旅立ちの準備?
静かな朝だ。小鳥がベランダの柵の上に止まりさえずりを聞かせてくれている。
赤や青、黄色の鮮やかな羽の小鳥たちは、戯れるように舞っては柵の上へと戻ってくる。
ベランダに置かれた椅子の上には、乾燥しきっているパンが置かれていたので、昨夜の夕食のときにお代わりして貰ったパンをその横に添えてみた。どちらが好みかは知らないが、外敵を気にしながら、一羽、また一羽とそこに降りて啄んでいく。
平和。その言葉がしっくりと行く朝の空間がゆっくりと色を帯びていく。
冷たい空気は、まだ夜の名残を抱えたまま、街の屋根を撫でている。
町が起きるまではもう少し時間がかかるのだろう。
王都は、城壁に囲まれている。
西にある山脈がいうなれば天然の城壁となり、南には巨大な湖がある土地柄だ。
王都の東側には幾つかのダンジョンが存在している。
既存のダンジョンは冒険者ギルドが統括をしている。
レオンに聞いた話では、冒険者として生きていくためにはギルドへの登録が必須ということらしい。
登録はしなくても問題はないが、生業となる報酬を得るにはギルドに属することが理想だ。

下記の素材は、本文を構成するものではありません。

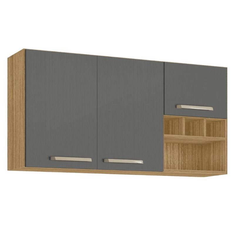 Armário Susp. 3 Portas 3 Gaveteiros 1,20 Ametista Freijó GrisO Armário Suspenso destaca-se por sua praticidade e eficiência de uso, podendo ser utilizada como complemento de cozinha.Estrutura em MDP 15mm com pintura UV.Dimensões do Produto:Altura: 60 cmLargura: 120 cmProfundidade: 28,6 cmInformações do Produto:Cor: Freijó/GrisPortas: Sim (3) BasculantePuxadores: Sim (3)Gavetas: NãoPés: NãoPrateleira: Sim (1)Nichos: Sim (4)Material Principal: MDP 15mmItens Inclusos:1 ArmárioManual de MontagemKit completo para montagem e manual de instruçõesGarantia:3 meses contra defeito de fabricaçãoInformações Adicionais:- Fotos meramente ilustrativas do produto no ambiente.- Os objetos que ambientam as fotos não acompanham o produto;- Verificar descrição e tamanho do produto antes da compra.- Avaliar a mercadoria no ato do recebimento e recuse em caso de divergência ou avarias.- Mantenha as informações de contato e endereço de entrega atualizados para entrarmos em contato caso necessário.- Limpar com flanela ou pano macio seco, não utilizar produtos abrasivos, desengordurantes, álcool ou solvente. Não expor o produto diretamente à luz solar e à umidade.* Sugerimos a contratação de um montador profissional para a montagem do produto. Não nos responsabilizamos por avarias causadas no ato da montagem.* Não nos responsabilizamos pela montagem e desmontagem do produto no ato da entrega e devolução, assim como os custos gerados nestas situações.* A transportadora entregará o produto no andar térreo do endereço de entrega.* Não nos responsabilizamos por subir escadas, corredores e elevadores ou transporte por guincho em apartamentos. Material para Filtro: MDP | Weight: 24.7 | Width: 60 | Acompanha Colchão: Sem Colchão | Fabricante: Kits Paraná | Comprimento Produto com Embalagem (cm): 121,2 | REQUIRES_ASSEMBLY: Sim | Length: 121 | Num. Volumes: 1 | Tipo de Cama/Cabeceira: Padrão | Modelo: Ametista | Peso Produto Com Embalagem (Kg): 24,7 | Height: 6 | Largura Produto com Embalagem (cm): 60,2 | Altura do Produto com Embalagem (cm): 6,7 | Color: Marrom | Tonalidade (Leroy): Marrom

ギルドには、他にも商業ギルドがあり、貿易全般の秩序を守っているといわれている。
このギルド組織のおかげで、世界は流通を維持している。
東の空がじんわりと染まりはじめ、淡い金色が世界を押し広げはじめていた。
菜月は、光の出始めた方向を見て感嘆の息を漏らした。
(さて…これから)
特性を知るためにジーンとシーナが協力をしてくれた。
自分に何ができるのかは、今日聞くことになるだろう。
それにしても、まだまだだなと反省する。
どうして感情的になって、武術を使ったのだろうか。
武術を嗜むものとして、気を付けるべき点にもかかわらず。
どこぞのお偉い先生を合気で飛ばして大騒ぎになり、師匠たる祖父に結構怒られたのに…
人生で同じことを繰り返してしまっている。まだ15年しか生きていないのに。
先が思いやられる、とため息がこぼれた。
せめて、おしとやかな庶民であろう。庶民として生きていくんだし。
…とベランダに置かれたテーブルの上に昨夜用意してくれたティーセットを移動させる。
小鳥が占拠する椅子の横でカチャカチャとしているせいか、少し斜め下から向けられる視線が痛い。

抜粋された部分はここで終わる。